Неожиданный удар чуть не нанесла санитарная комиссия, у одного из сидельцев обнаружили вшей, и было решено всех обрить наголо. Ждали приезда парикмахера. Аврутин заметался. Гавврача не было, а без него никто отменить процедуру не решался. Даже представить было страшно. Вот обреют всех, будут все одинаковые. Вспомнилась школа, как казались все тогда ушастыми, и как блестели головы в вечерние часы при свете ламп. Париков здесь, в психушке нет, какие это будут артисты, бритые крестоносцы вызовут смех, можно, правда, сделать шлемы, в шлемах разыграть сцены битв, а потом? Да и сам Аврутин, без рыжей бороды, какой он Оттокар. Иван Анисимович возмутился, нельзя этого допускать, нет такого закона, чтобы человека насильно стричь. А разве мы для них люди! – с горечью изрек профессор. – Мы психи! Это ведь все делается, чтобы нас унизить. Помните, библейского Самсона, сила его в волосах была, когда остригла Далила, все он потерял. Аврутин рассказал Ивану Анисимовичу, про школу, про то, как мать восстала. Вот ведь, как все повернулось, в школе сам побежал стричься, чтобы быть как все, а здесь твердо решил – не дамся. Наполеон тоже возмутился: солдат можно обрить, но маршалов и старую гвардию я трогать не позволю! Кто-то вспомнил, как в армию призывают, сразу всех наголо стригут, в строю никто не должен выделяться. Решили твердо – стрижки под ноль не допускать. Выход нашли простейший – собрали денег. И когда пришел парикмахер – пожилой горбун незаметно отозвали его в коридор и дали денег. Тому и притворяться особо не пришлось, руки у него и до этого тряслись, а тут он еще и глаза стал закатывать. Аврутин даже испугался: вот артист, не переиграл бы. Дежурный врач поверил. Старика отпустили. Эта задержка со стрижкой дала возможность выиграть время, вернулся главный врач, ему все объяснили, он согласился: бритоголовые артисты это никуда не годится. Стрижку заменили общей помывкой. Договорились с городскими властями, был выделен день, и в настоящей бане, в настоящей парилке отвели душу, выскакивали из парной красные как раки, окатывались холодной водой из шаек, и снова втискивались в парилку. Набирались тепла впрок.

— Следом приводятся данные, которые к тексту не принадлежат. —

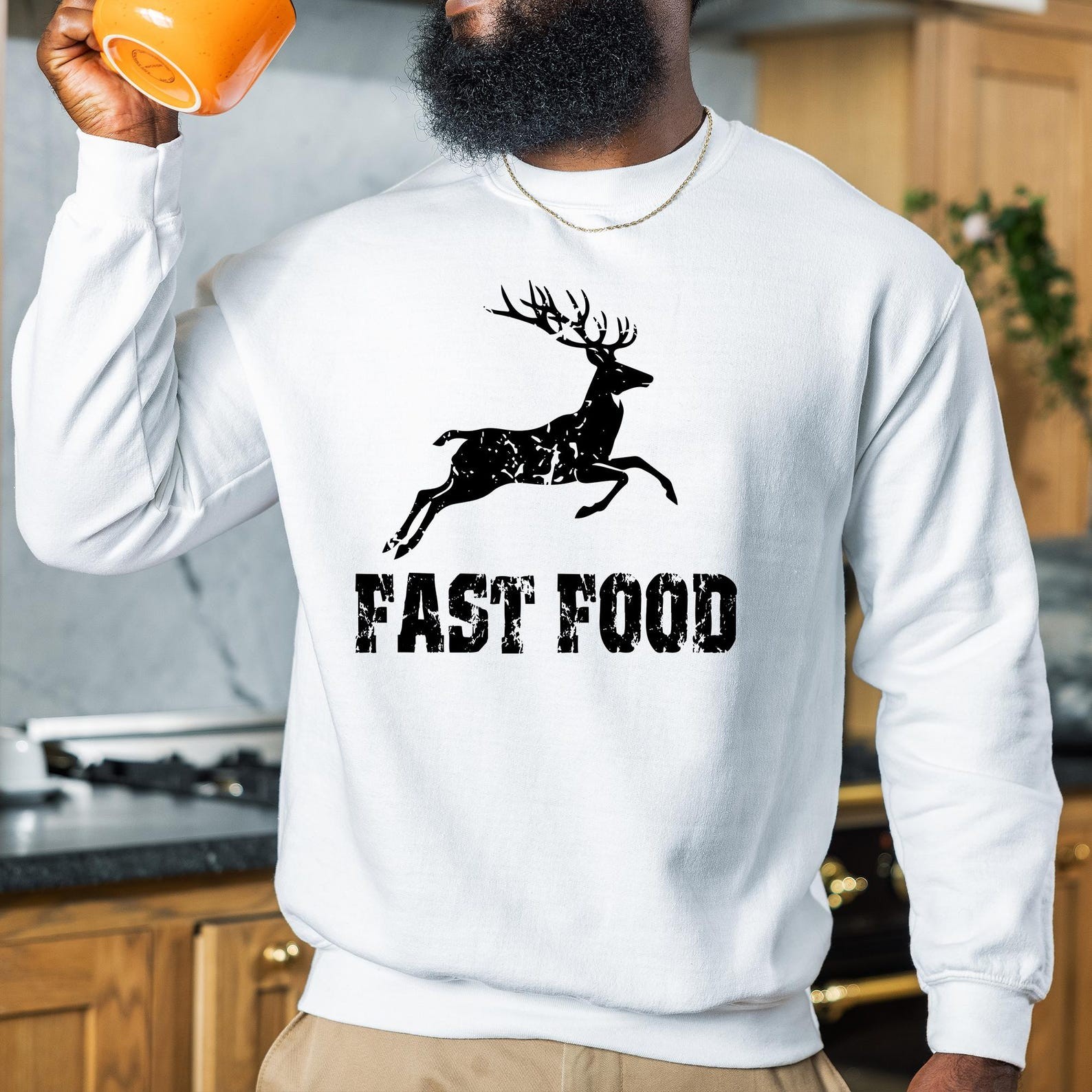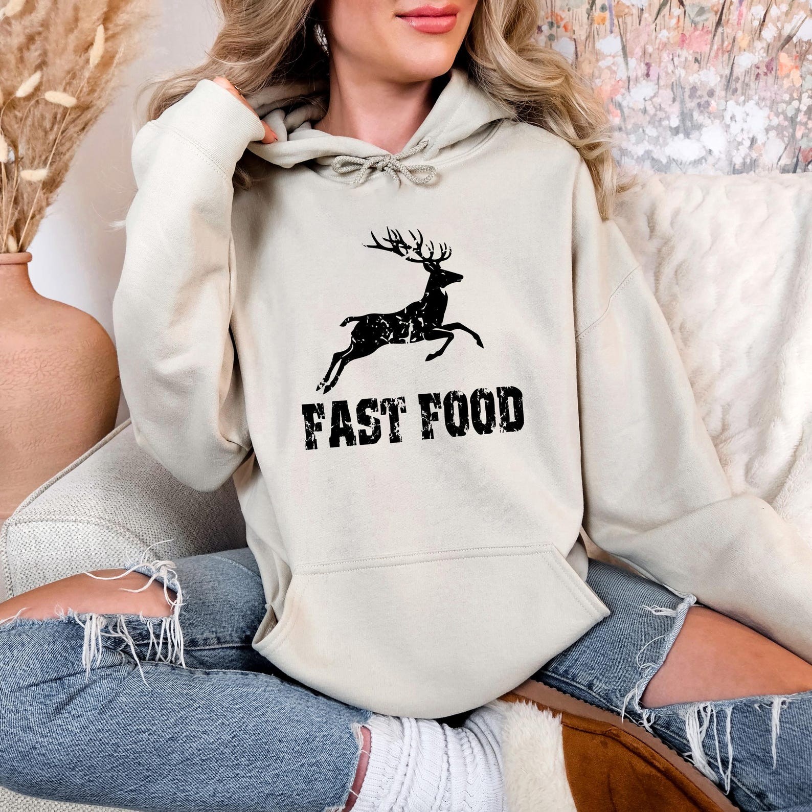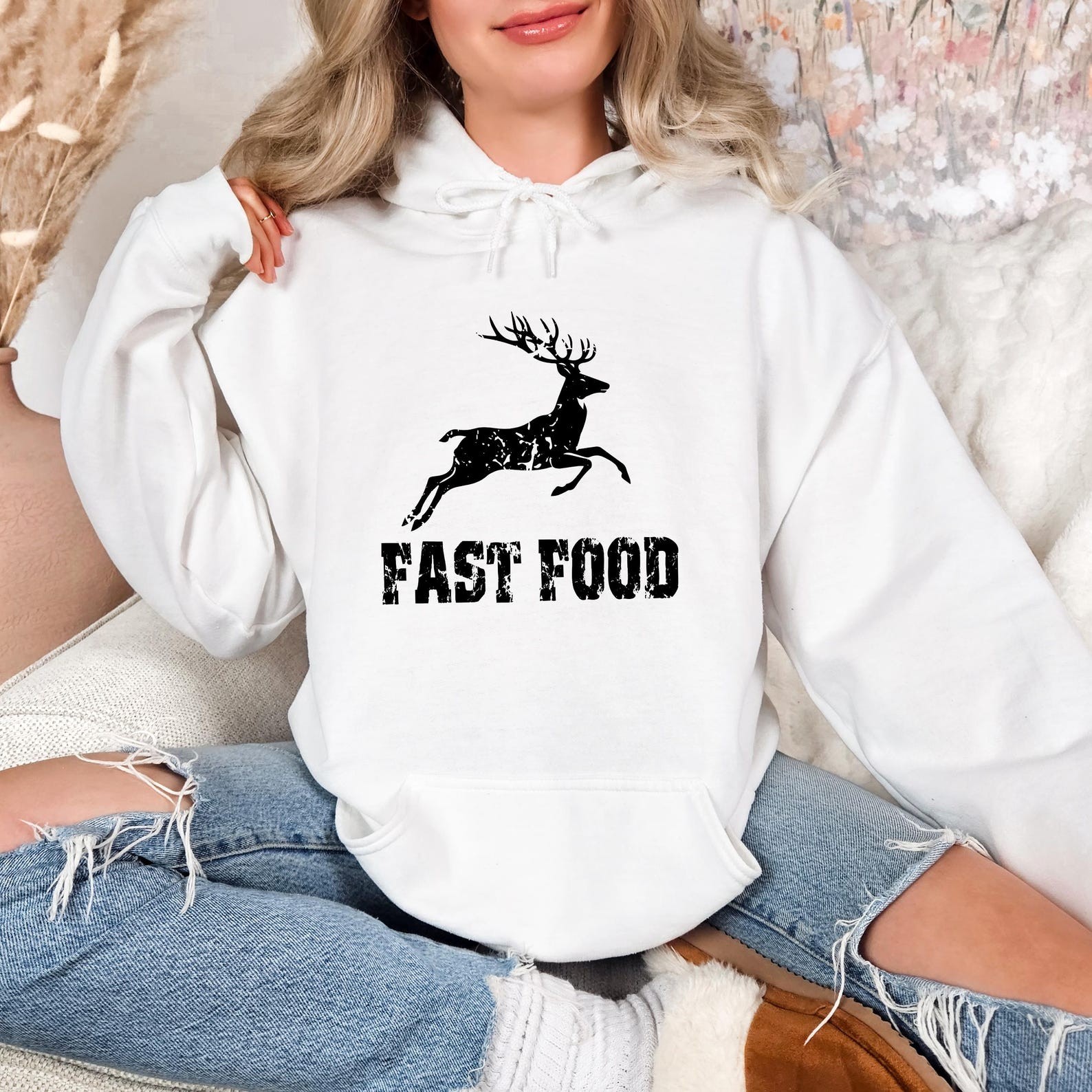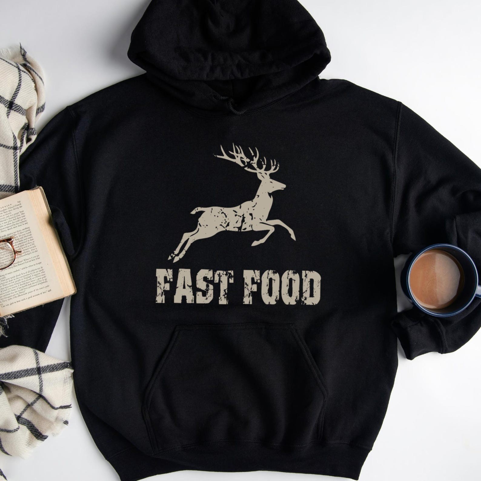 ast Food Deer Hoodie, Funny Joke Hunting Hoodie, Hunting Men Hoodie, Dad Hunter Gift, Deer Hoodie, Rude Offensive Gifts For Hunters Our youth hoodies are designed with safety in mind. To eliminate the risk of suffocation, they do not feature drawstrings. PRODUCT DETAILS Indulge in our meticulously crafted sweatshirts and hoodies, where every detail is carefully considered and double-needle stitching ensures lasting durability. Embrace the cozy, unisex design, expertly crafted from a blend of 50% cotton and 50% polyester for the ultimate comfort experience. CARE INSTRUCTIONS Maintain the pristine condition of your garment with ease: - Machine wash inside out on a delicate cycle with low temperature. - Tumble dry on low heat for optimal results. - Avoid bleach, dry cleaning, and ironing directly on the design to preserve its integrity.
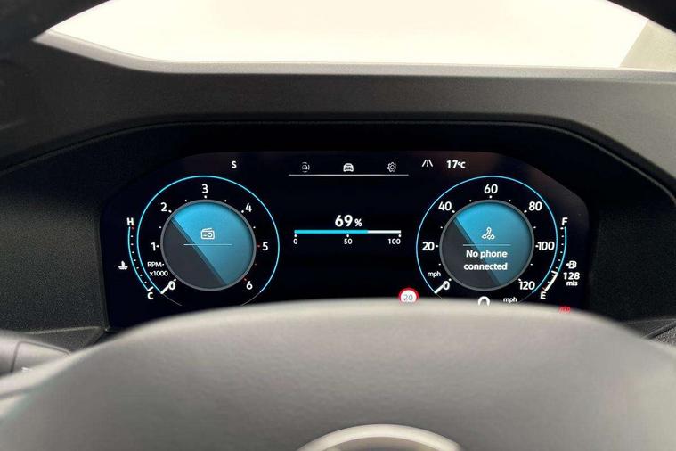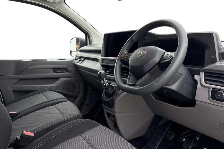 12" digital drivers display, 13" touchscreen infotainment display with wireless app connect and DAB radio, 5G Modem, Apple CarPlay and Android Auto, Cruise control, Dynamic road sign display, eCall emergency system, Electromechanical speed sensitive power steering, height and longitudinally adjustable steering column, Lane assist, Preparation of VW connect and connect plus, Wrong way driver warning, 4 speakers - 2x dashboard, 2x cab doors, Grained black door handles, Heat reflecting side window glass, High beam control, Laminated windshield made of heat-reflecting glass, LED rear combination lamps, Rear Transporter nameplate in black grained decorative trim, Vehicle opening configuration 1x 1st row of seats, 2x all doors, 2x 15-W USB data/charging ports in dashboard and 1x USB-C, 1x USB-A center bottom, 2x LED lights in load compartment, 4 way height and tilt adjustable head restraints, Black plastic scuff plate for sliding door in cargo without illumination, Cabin interior lighting, Lashing rings for reinforced floor covering, Narrow centre console with cup holder and compartment for mobile phone, Overhead storage compartment, Plastic gear lever, Roof grab handle on front passenger side, Rubber floor covering in cab, Standard glove compartment, Striped fabric upholstery, Without passenger seats in load compartment, Exterior pack 1 - Transporter, Interior trim pack - Transporter, Driver and front passenger airbag with front passenger airbag deactivation, Dual tone horn, Front and curtain airbags for driver and front passenger, Seat belt pretensioner for driver seat, Electronic immobiliser, Preparation for alcohol ignition interlock, 5+ Promise, Alternator - 230A, Electronic stability control, ABS, ASR with deactivation button, hill start assist and brake assist system,

В эти сентябрьские дни по вечерам становилось все холоднее, Аврутин с Дашей перенесли свидания в подсобку, маленькую комнатку, затерянную в самом дальнем конце здания. Здесь хранились матрацы и подушки. Спали больные на старых матрацах, а здесь новые для чего-то берегли. Даша выучила роль, и здесь в кладовке они разыгрывали сцены обольщения короля Оттокара прусской жрицей. Все было так естественно, так выразительно, жаль только, что не было зрителей. Но вот близился день постановки, надо было идти к главврачу и снова просить его об очередной милости – разрешить участие в постановке Даши.

Увлеченные друг другом они полагали, что их любовь остается тайной и принадлежит только им, но о том, что они по вечерам встречаются в парке, многие знали или догадывались. Больных это радовало, врачам никто не донес, но был один санитар по кличке «вездеход», полученной очевидно за то, что всюду он совал свой нос; тот мог внезапно появиться там, где его совсем не ждали, узнать то, что хотели скрыть, и чтобы откупиться от него, чтобы остеречь себя от его доносов, приходилось делиться тем, что с таким трудом добывали, что приносили родственники. Было в его лице что-то бульдожье, отвращающее от него, хотя и был он высок ростом и волосы у него были черные кудрявые. Опасность всегда исходила от него и потому все его сторонились, даже врачи. Был он неравнодушен к Даше, и это обстоятельство более всего настораживало Аврутина. Даша же говорила, что «вездеход» никогда не станет на них доносить, что одно ее слово делает его шелковым. Но Аврутин почувствовал, что «вездеход» ненавидит его, с некоторых пор тот с особым усердием исполнял назначенные процедуры, жал на щеки, заставляя глотать таблетки, увеличивал дозы инъекций, и хотя это было дело медсестер, те охотно поручали свою работу «вездеходу». И не один «вездеход» так усердствовал, были у него сотоварищи ему под стать. Где их набрали, где они росли, почему так ожесточила их жизнь, было не очень понятно. Даша объясняла, что городок маленький, что здесь в психушке работают больше сотни обслуги из местных, что даже устроиться сюда трудно, вот и усердствуют, вот и держатся за работу, выходило, права эта немецкая ученая Ханна Арендт – банальность зла. И все же не все шли сюда от безысходности, многим работа даже была по душе, наделяла правами властвовать над чужими жизнями, были здесь и так называемые вохровцы, бывшие охранники лагерей, были разжалованные милиционеры, проштрафившиеся врачи, были и просто садисты. Надо было не обращать на них внимания, не нарываться на скандал, быть тише воды и ниже травы. Ведь главное было сегодня поставить пьесу.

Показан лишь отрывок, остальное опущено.